Task to complete »
Leaving out the pictures, return word for word the stretch of entries below from the line holding "金咏晞于去年世界锦标赛女子小" through the line holding "Emotional Support Dog".

Input records »
---+---

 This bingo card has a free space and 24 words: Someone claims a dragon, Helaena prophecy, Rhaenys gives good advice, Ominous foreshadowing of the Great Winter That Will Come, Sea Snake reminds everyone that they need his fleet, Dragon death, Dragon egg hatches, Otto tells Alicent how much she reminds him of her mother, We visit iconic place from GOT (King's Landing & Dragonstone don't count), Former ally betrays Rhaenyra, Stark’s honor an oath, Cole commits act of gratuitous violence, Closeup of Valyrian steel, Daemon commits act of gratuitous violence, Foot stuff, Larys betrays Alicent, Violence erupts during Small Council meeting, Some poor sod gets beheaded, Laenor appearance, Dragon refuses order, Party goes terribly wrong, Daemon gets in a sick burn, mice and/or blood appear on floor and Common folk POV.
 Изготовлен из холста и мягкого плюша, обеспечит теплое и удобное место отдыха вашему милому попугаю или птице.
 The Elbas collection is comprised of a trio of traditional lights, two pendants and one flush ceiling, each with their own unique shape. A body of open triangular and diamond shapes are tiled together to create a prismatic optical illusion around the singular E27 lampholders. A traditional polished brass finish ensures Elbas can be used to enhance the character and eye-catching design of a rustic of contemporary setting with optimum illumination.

---+---

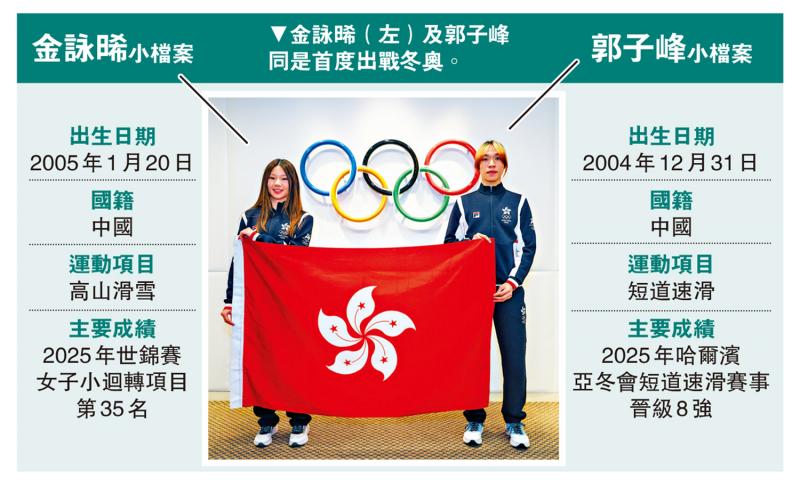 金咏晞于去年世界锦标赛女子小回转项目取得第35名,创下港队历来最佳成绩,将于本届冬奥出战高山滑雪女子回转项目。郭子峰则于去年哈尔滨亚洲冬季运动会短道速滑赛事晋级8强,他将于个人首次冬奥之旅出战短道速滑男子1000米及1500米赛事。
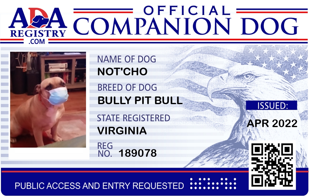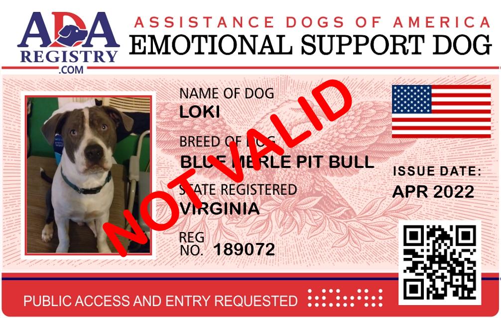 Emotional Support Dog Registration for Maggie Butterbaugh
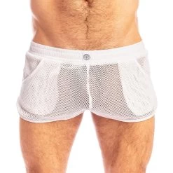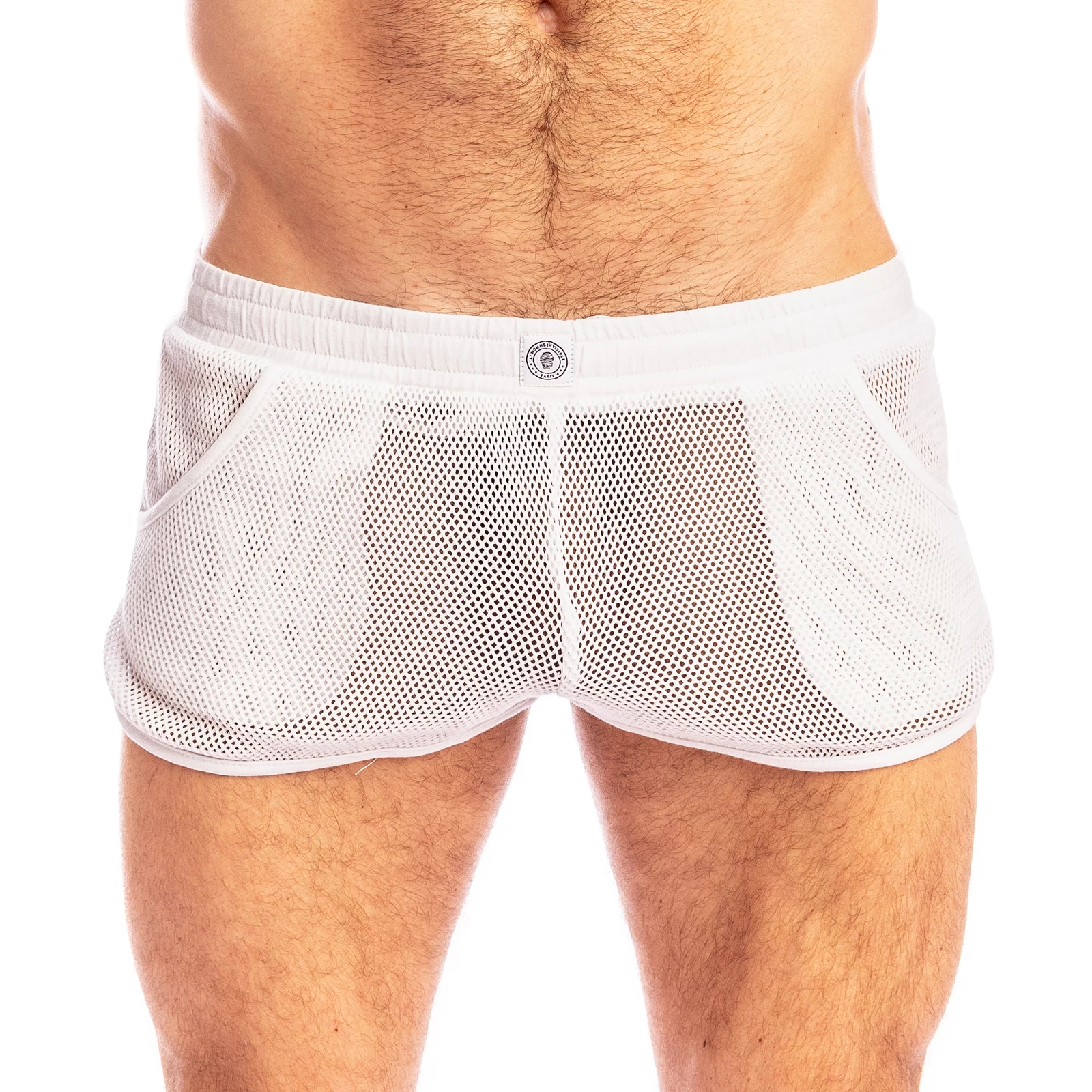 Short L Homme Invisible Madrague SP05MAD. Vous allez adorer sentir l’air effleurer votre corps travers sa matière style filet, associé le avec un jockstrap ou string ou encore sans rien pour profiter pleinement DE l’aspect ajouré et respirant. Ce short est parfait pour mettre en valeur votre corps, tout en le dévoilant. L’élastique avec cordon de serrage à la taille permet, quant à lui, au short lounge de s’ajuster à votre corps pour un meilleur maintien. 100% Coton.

---+---

Output for this exercise »
 金咏晞于去年世界锦标赛女子小回转项目取得第35名,创下港队历来最佳成绩,将于本届冬奥出战高山滑雪女子回转项目。郭子峰则于去年哈尔滨亚洲冬季运动会短道速滑赛事晋级8强,他将于个人首次冬奥之旅出战短道速滑男子1000米及1500米赛事。
 Emotional Support Dog Registration for Maggie Butterbaugh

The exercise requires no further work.